WHO confirms Iranian research on opium carcinogenicity

October 10, 2020 - 16:22

TEHRAN – The World Health Organization (WHO) has approved the research conducted by Iranian researchers on “carcinogenicity of opium use”.

The research which is the most important achievement of more than two decades of research efforts by Iranian scientists was approved by the International Agency for Research on Cancer (IARC/WHO).

“Opium carcinogenicity” was discussed and approved in the “Monograph 126” meeting of the International Agency for Research on Cancer (IARC), held virtually on September 11-20, with 16 prominent cancer researchers and specialists from 10 countries.

Opium, an addictive narcotic drug, is produced from the poppy plant, Papaver somniferum, and can be consumed as a variety of preparations, either by smoking or by ingestion. 

The Working Group evaluated opium consumption as carcinogenic to humans on the basis of sufficient evidence in humans. Opium causes cancers of the larynx, lung, and urinary bladder.

The result of these evaluations was published in The Lancet Oncology, October 8.

A population-based cancer registry was established in 1969 as a joint effort between Tehran University and the IARC. This registry confirmed the high incidence of OC in the eastern portion of the Caspian Sea littoral, in the area that is now known as Golestan Province.

A series of studies through the Golestan Cohort Study was conducted in the region in the 1970s, but they were not conclusive in explaining the very high rates.

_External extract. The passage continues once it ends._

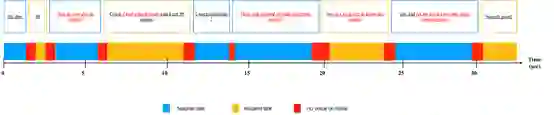 图1(a):课堂活动检测数据形式在正式开始介绍我们的方法之前,首先描述一下本文实验所基于的数据形式。首先,我们的音频数据均来源于教室内单一的麦克风,收录了整节课堂的完整录音。我们的文本数据来源于使用自动语音识别(ASR)系统对麦克风收录得到的课堂录音进行转录得来。图1(a)中展示了一段学生与老师的对话数据,图中文本框的颜色区分了不同的说话人,蓝色文本框表示老师说话内容,黄色文本框表示学生说话内容。从图中我们可以看出,对话的内容包含大量的信息,其中一些句子可以非常容易的分辨出说话人的角色。以第三个句子为例,该说话人说:“How is your day in school”,从句子的内容可以很容易的判断出该说话人应该是老师。然而,并不是所有的句子都像这样容易判断,比如图中对话的前两句问候语句,很难分辨出说话人是老师还是学生。

However, they pointed to several factors, including, a diet deficient in fruits and vegetables; low socioeconomic status; thermal injury from consumption of very hot tea; and carcinogen exposure from lifestyle factors including opium consumption.

The article on the thermal injury from consumption of very hot tea has also been listed by Altmetric website among the world's top 100 articles that most captured the public’s imagination in 2019.

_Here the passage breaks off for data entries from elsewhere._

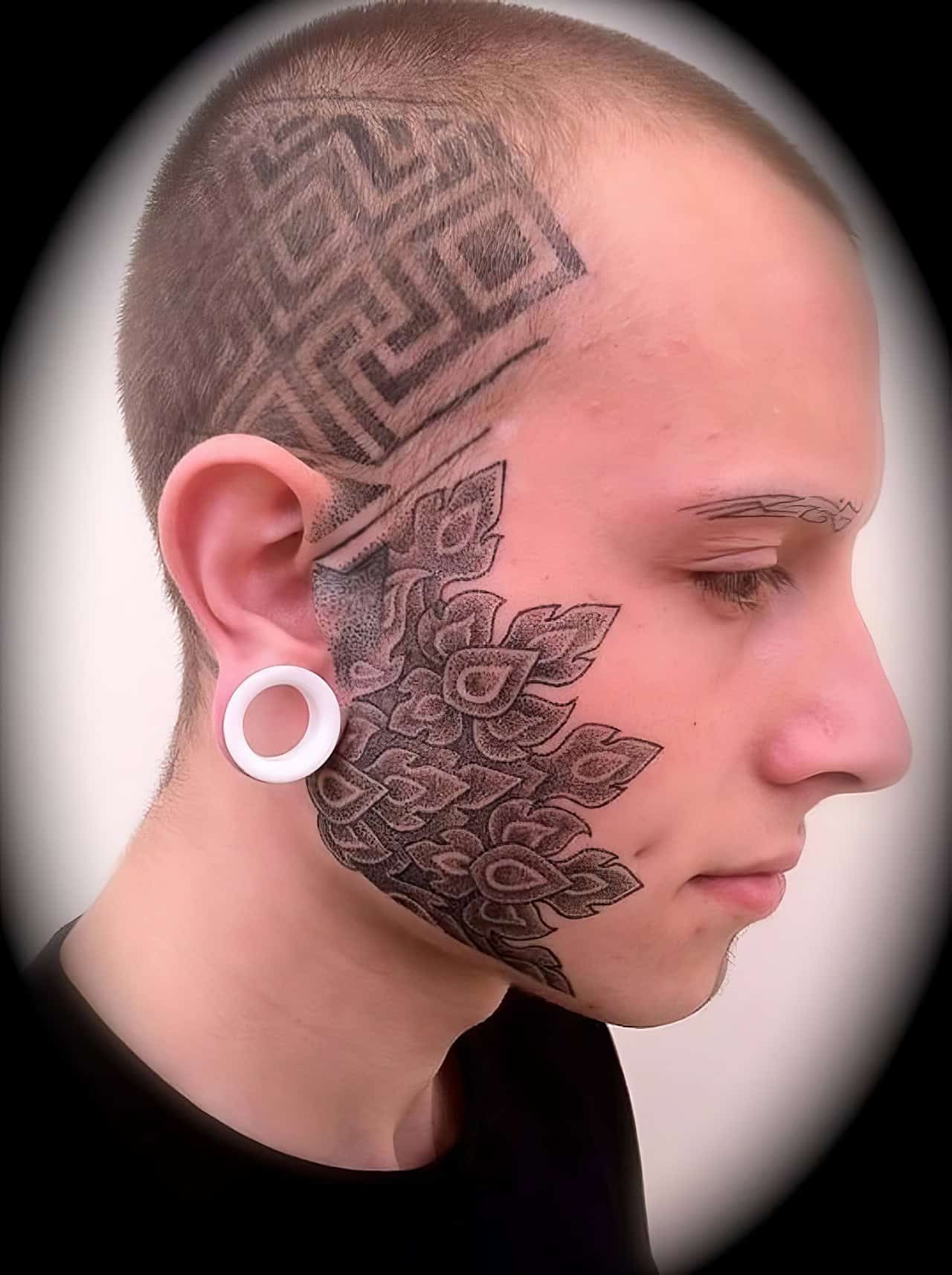 Face tattoos grab attention. They range from simple lines to complex shapes, each telling a story or showing style on one’s visage.
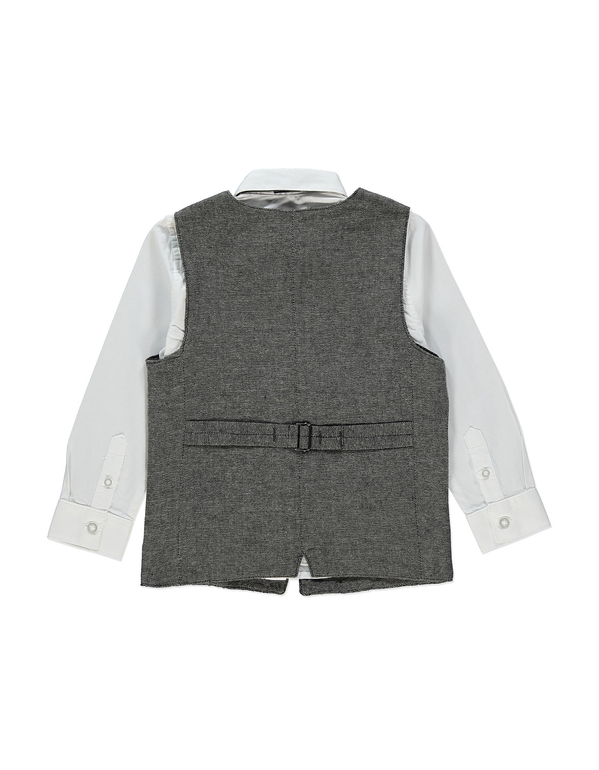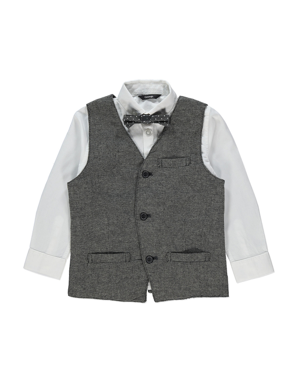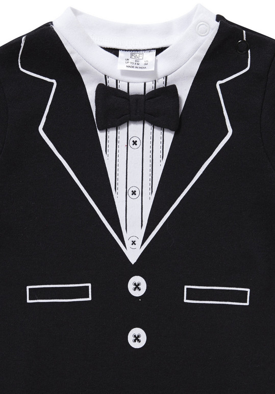 Комбинезончик-фрак фирмы F&F. Обычной толщины трикотаж , черный, внизу расстегивается-застегивается на кнопках. Впереди рисунок рубашка и пуговички, бабочка из ткани пришита. Состав 100% хлопок, размеры 9-12мес(74-80), 12-18мес (80-86), 18-24мес *(86-92). 650руб.
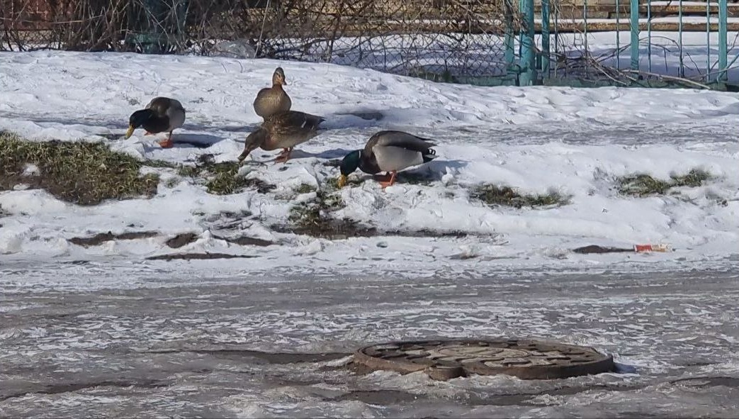 11 февраля парочку уток заметили рядом с детским садом «Парус» в микрорайоне В-8. Два селезня и две уточки искали пищу среди мерзлого газона. Не так давно похожих уток заметили и рядом с магазином комфорт на улице Маршала Кошевого.

The Altmetric Top 100 is an annual list of the research that has most captured the public’s imagination each year, which is released since 2013.

The article presented, for the first time in the world, very precise and unprecedented evidence of the association between drinking tea at temperatures hotter than 60 degrees with a 90 percent increased risk of squamous cell carcinoma (the most prevalent esophageal cancer worldwide).

Drug use is a complex health and social problem worldwide, with half a million people dying each year as a result of drug abuse.